Когда заключенные, по требованию старосты, начали медленно собираться, Кремер пошел в другие бараки. Здесь было то же самое. Охваченные отчаянием люди, не успев стать в ряды, убегали обратно. Маршевые колонны не удавалось построить. К окнам ближних бараков прильнули заключенные, наблюдая за мечущейся толпой. Видели это и из польского барака. Вместе с несколькими товарищами из группы Сопротивления Прибула не отрываясь глядел в окно, прижав кулаки к стеклу.

– Проклятье! Мы стоять здесь и смотреть! Проклятье!

Товарищи понимали его. Молча, озлобленно, с мрачным блеском в глазах созерцали они тяжелую драму. Однако они заметили, что Кремер не старается навести какой-либо порядок. Как только в его присутствии собиралась кучка евреев, Кремер переходил к следующему бараку. Тогда собравшиеся вновь исчезали. Такие приливы и отливы продолжались более часа.

– Где евреи? Староста лагеря! Ведите их немедленно к воротам!

Раздавшийся из громкоговорителя зловещий голос еще больше напугал людей. Перед одним из бараков образовалось что-то вроде маршевой колонны, но, дойдя до следующего барака, она распалась; часть заключенных кинулась в этот барак, а часть убежала в старый. Люди плакали, кричали, ругались, молились, обнимались, целовались, говорили друг другу прощальные слова. Староста блока упрашивал их снова построиться. Они убегали в спальные помещения, заползали под нары или прятались за выгребными ямами, и все напрасно, ибо укрыться было негде. Волк впился клыками, стряхнуть его было невозможно. И снова прозвучал зловещий голос:

– Староста лагеря! Немедленно собрать людей!

Кремер протиснулся сквозь толпу, закупорившую вход в барак, и опустился на скамью у стола старосты. Аким видел, как он измучен.

– Давай пойдем к воротам, – сказал он, – все равно, ничего не поможет…
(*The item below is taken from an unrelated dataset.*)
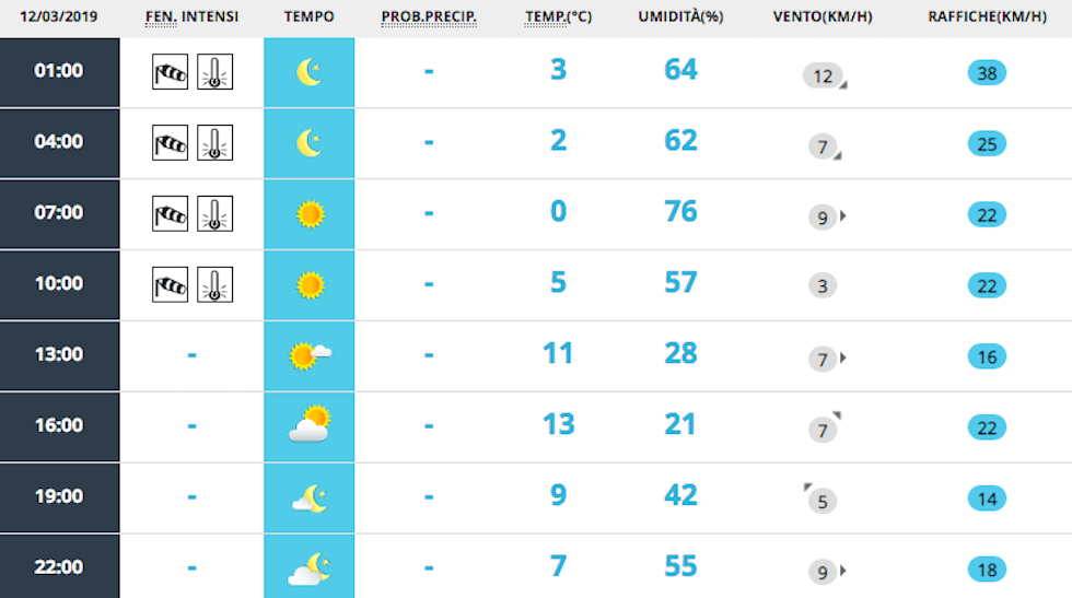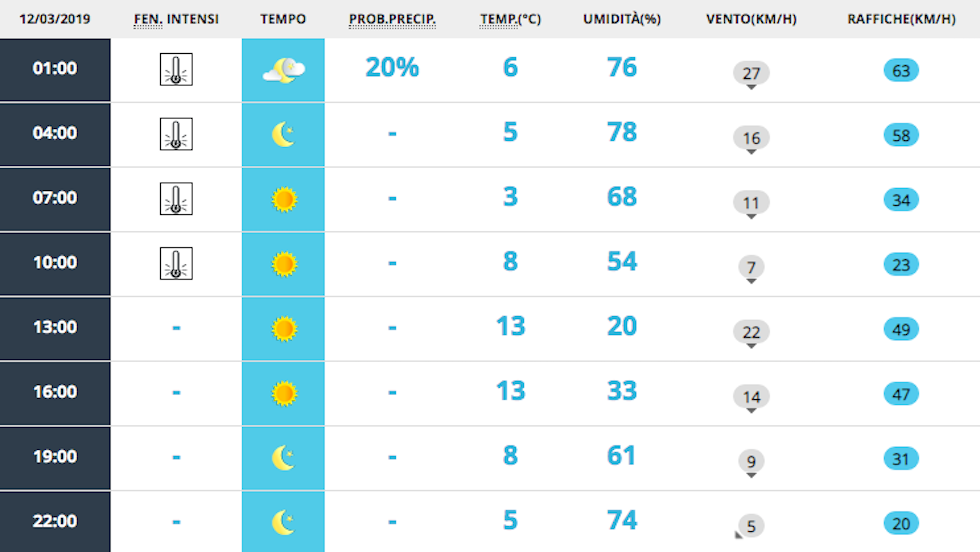 Il 12 marzo a Milano sarà una giornata soleggiata, con qualche nuvola che arriverà solo nel tardo pomeriggio. Sarà però anche una giornata piuttosto ventosa, specialmente al mattino, e questo farà abbassare molto le temperature per l’ora in cui in molti usciranno di casa per andare a scuola o al lavoro (sono previsti 0 gradi alle 7 del mattino). Il vento dovrebbe calare già durante la mattinata e le temperature saliranno fino a 13 gradi.
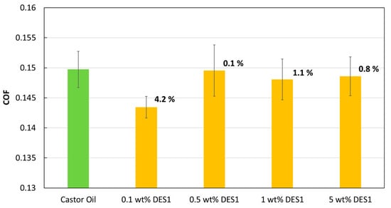 The average friction coefficients that were empirically attained for the castor oil base and the additivated DES1 lubricants are exposed in Figure 4 and Table 1. As can be observed, for all the DES1 lubricants the obtained friction coefficientes are slightly enhanced compared to the castor oil base. Specifically, the best antifriction performance was detected for the castor oil + 0.1 wt% DES1 lubricant with an average friction coefficient of 0.1434, while the one of the castor oil base is 0.1497, which involves a friction reduction of 4.2%. Consequently, the incorporation of a deep eutectic solvent (DES1) as an additive to the castor oil base yields an antifriction capability that ensures superior tribological performance in comparison to the base oil devoid of additives. The aforementioned phenomenon can be attributed to the polar functionalities of DES1, which facilitate lubrication and the interactions with steel contact interfaces, thereby enhancing the tribological performance of castor oil [].

Кремер грохнул кулаком по столу. Это была лишь разрядка напряжения. Он вскочил и крикнул Акиму:

– Выводи людей на построение, когда тот снова заорет. Но только на построение!


Уже несколько раз Швааль торопил коменданта с отправкой еврейского этапа. Блокфюреры, словно запертая собачья свора, караулили за окнами административного здания у ворот. Прошло еще полчаса – аппельплац по-прежнему был пуст.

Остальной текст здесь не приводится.